Did you know that there is a town named Florida near Johannesburg?  That area features mines, and these adventurous young women climbed down into mines for gold, copper, diamonds, and even asbestos.  Most miners were unmarried young men, many from "Portuguese East Africa."  They lived in "compounds" with thousands of residents, and often took their company-mandated savings and returned home after a few years of work.  At one compound, the women watched a performance of all-male dancing and comedy.  The miners played musical instruments "called pianos, which are made of five or six gourds lashed together…on which the men beat with soft-ended sticks.  The rhythm is marvelous, especially as they have rows of different sized pianos."


At Mazabuka, which then was in the province of Northern Rhodesia and now is the nation of Zambia, "Marvin got some good photographs and bought a pipe from a wonderful old man who was smoking it before his hut.  He had the typical top knot of his tribe besides feathers in his hair.  The topknot of mud and grease and hair was studded with brass thumb tacks.  The pipe is long with a pottery bowl and a spike, which stuck into the ground, supports it while one smokes." 

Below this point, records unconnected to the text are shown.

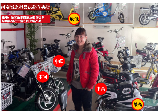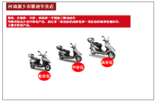 从低价、中价、到高价一字摆放三辆电动车,导购员先介绍中价位产品,然后拿一款近似的高价位和一款近似的低价位做对比,主推中价位产品。他的销售方法是“对比法”。电动车价格高高在哪里,价格低低在哪里,给你讲的一清二楚。雅迪在新乡市销售数一数二,人家经销商、店长也下过不少功夫。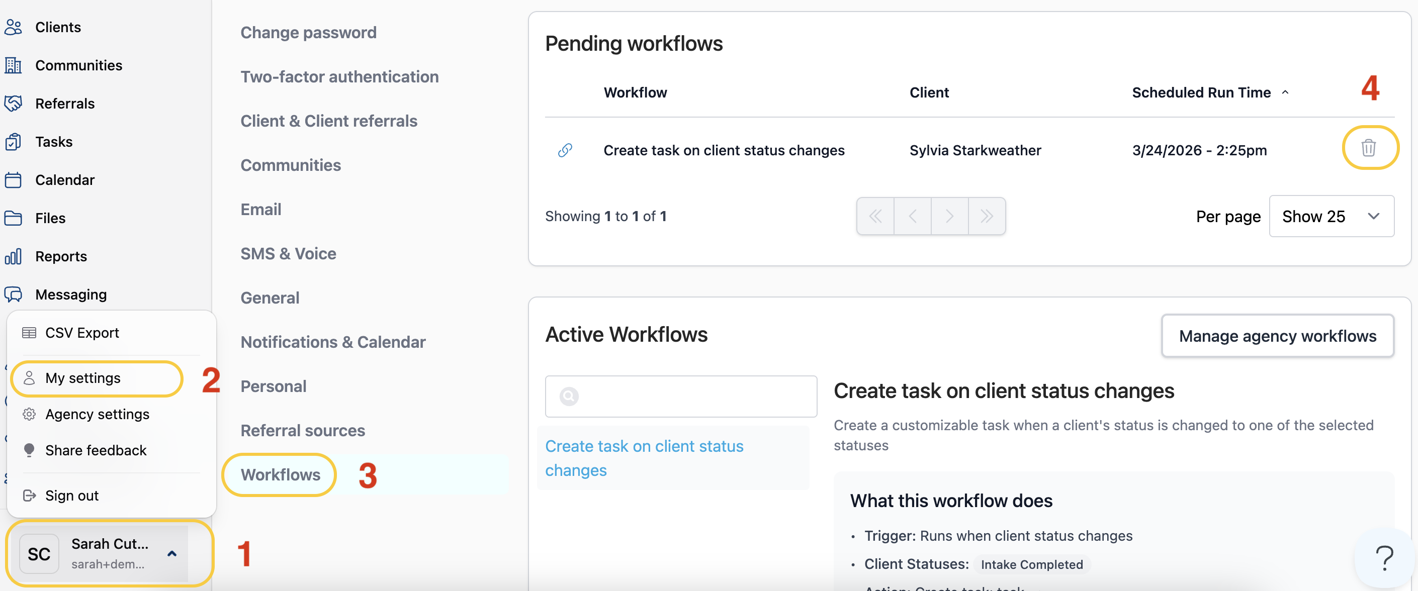 - Select the trashcan 🗑️ icon next to the workflow you would like to cancel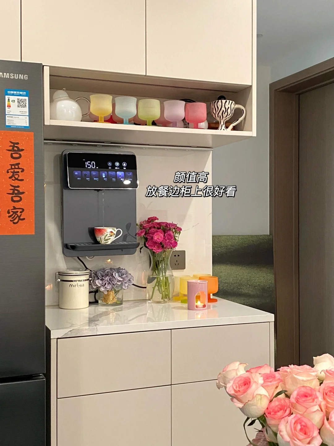 ◾️直接连接厨房的厨下净水器,不需要手动加水,随时都有水喝。而且预埋管道的好处就是可以将管线机安排在餐边柜上,日常接水很方便,再也不用进出厨房~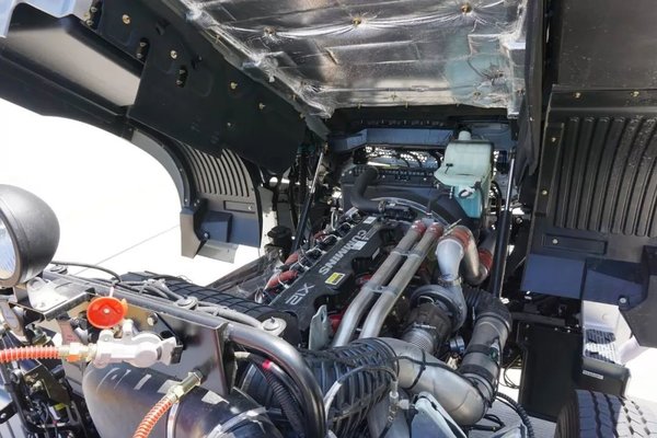 发动机采用福田康明斯X12发动机,国五排放,最大输出功率510马力,在1100-1400rpm的转速区间可以输出2300N·m的最大扭矩。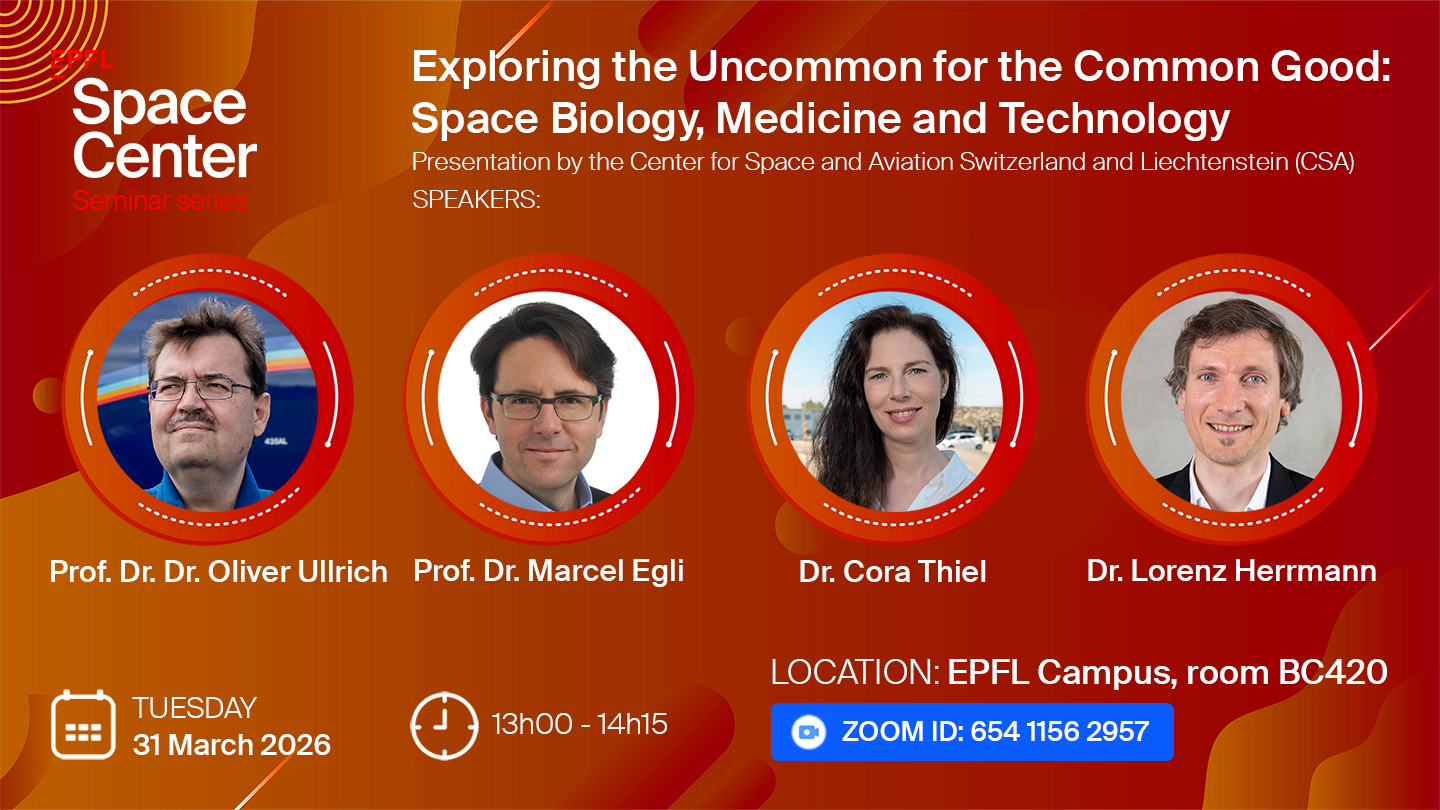 The EPFL Space Center seminar series is a regular event that brings compelling scientists, entrepreneurs, students, policymakers and others in the space field to the EPFL community to share their exciting work and research.

On the train to the Congo (then the Belgian Congo), an English army colonel who had lived there for twenty years regaled them with the story of Lord and Lady Stanley's first trek to central Africa.  Sir Herbert had insisted on wearing shorts and "became so sunburned that he had a temperature of 105 for a week and had to be carried the rest of the trip." Despite this stubbornness, however, he proved a good administrator for Africans, willing to risk antagonizing whites by setting aside some 21 million acres of land for the exclusive use of natives.